Applied mathematics professor Karniadakis (at left) has demonstrated a method to make surfaces more slippery, which has potential applications for any flowing fluid, from water past a ship, oil in a pipeline, and air against an aircraft.
"We created some sort of shield close to the skin," Karniadakis said.
Karniadakis showed that by creating traveling waves close to a surface, drag can be reduced by at least 30 percent. The key is that the traveling waves must be perpendicular to the flow of the fluid.
The success of the perpendicular waves in computer simulations surprised Karniadakis and just about everyone else; the work runs counter to conventional wisdom. Science magazine published his work last May with Yiqing Du, who received his doctorate in 1999 and who now is at Microsoft.
Karniadakis designs algorithms — mathematical patterns— to solve problems such as how to reduce drag on a vessel. His computer simulations show how to dramatically cut down drag, but it remains to be seen whether they work in real life.
The preliminary real-world experiments are being conducted by Kenneth Breuer, associate professor of engineering, in a water tunnel 6 feet long by 3 feet wide by a couple of inches high. The channel flow allows him to do careful measurements with Karniadakis’ calculations. In addition, the Naval Undersea Warfare Center in Newport is doing complementary experiments, more applied than fundamental, in a larger water tunnel.
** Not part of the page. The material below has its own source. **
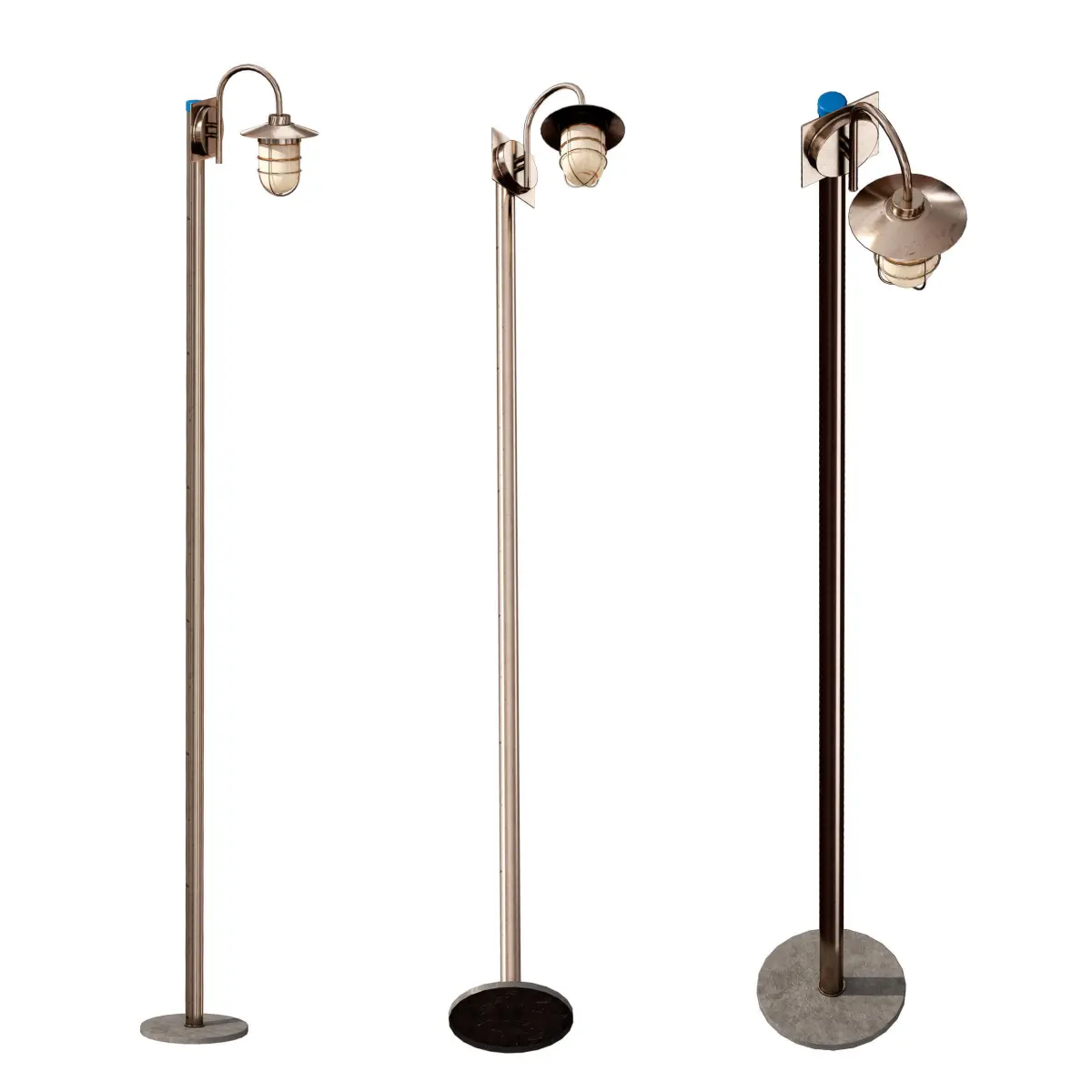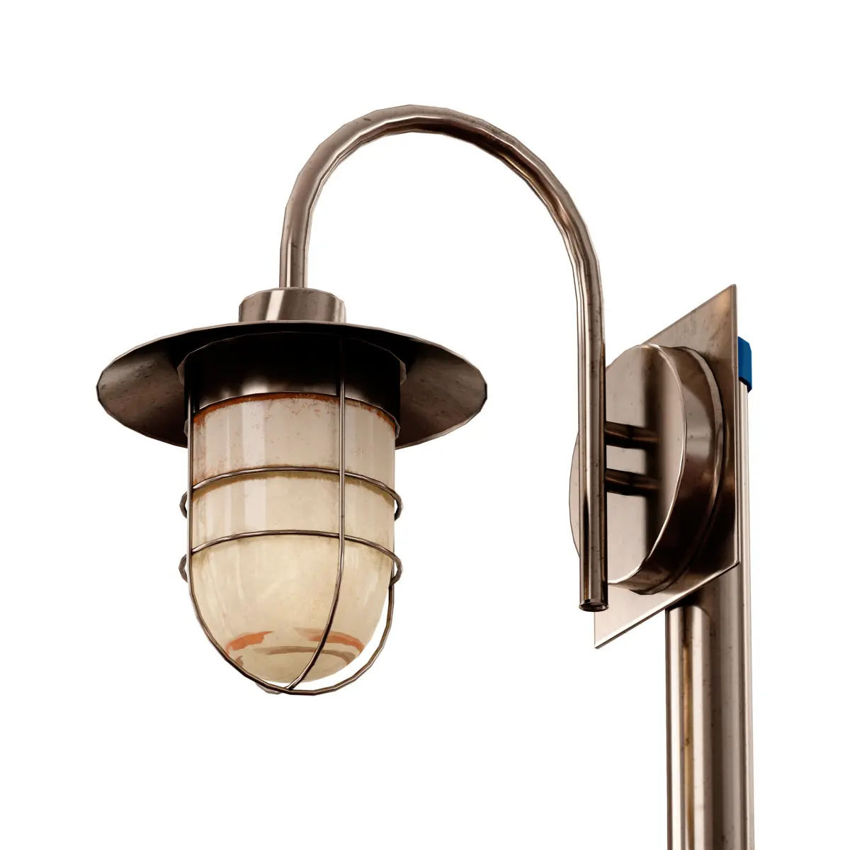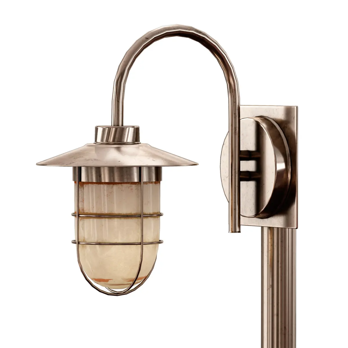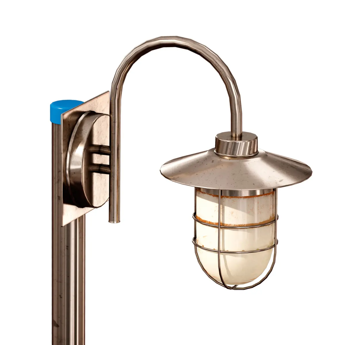 Street park lamp. Made of shiny brass-coloured metal. The metal pole is mounted on a concrete base. At the top there is a plafond on a curved surfacing, protected by a top cover and a wire frame. The materials and textures of the lantern are made with noticeable wear and dirt to give realism.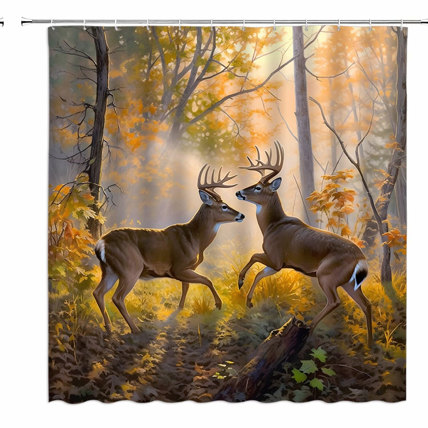 Add rustic charm to your bathroom with this Deer Shower Curtain featuring a wildlife-inspired design of a whitetail elk in a sunset autumn setting. Made from soft-quality fabric, it offers durability and long-lasting use. The water-resistant fabric is easy to clean, ensuring convenience. Equipped with sturdy hooks for quick and secure installation, the curtain stays in place. Its warm yellow color creates a cozy, welcoming atmosphere, while the countryside-inspired design adds a touch of rustic elegance. Measuring 70W x 70H inches, it provides ample coverage for privacy and protection. Perfect for nature lovers or those seeking a charming bathroom update, this curtain combines functionality with aesthetic appeal. Whether for personal use or as a thoughtful gift, it enhances any bathroom decor with its rustic, wildlife motif. Enjoy a blend of practicality and countryside beauty with this charming shower curtain.

"If they’re successful, we will be doing a very big experiment in the ocean in two years. That will take place in a Navy lab in the Bahamas" and involve a 20-foot-long mini-submarine built for testing purposes, Breuer said.
In addition, Karniadakis is working with colleagues at the Massachusetts Institute of Technology to apply the electromagnetic tiles to an unmanned vessel. The goal is to speed the vessel so that it can make a trans-Atlantic crossing without refueling.
The experiments all involve magnets and electrodes on small tiles. The force created by the electromagnetic field creates the perpendicular waves that cut down loops of turbulence that rise from a surface.
"The object of our experiment is to realize physically what Karniadakis has computed on the computer; to face all of the sort of real-life problems that come," Breuer said. "For example, he has assumed certain configurations which in real life are actually hard to build. Also, salt water is corrosive. Calculations don’t really concern themselves with that. And electronics are quite complicated, and building them in real life has its challenges."
Breuer hopes to show encouraging results by early April, when the funding comes up for review by the Defense Advanced Research Projects Agency (DARPA) through the Office of Naval Research. Currently, the Brown professors are working with a $366,000 grant. If the work shows promise over the next two months, DARPA may award $527,000 through February 2004.
"It’s a very critical time," Breuer said.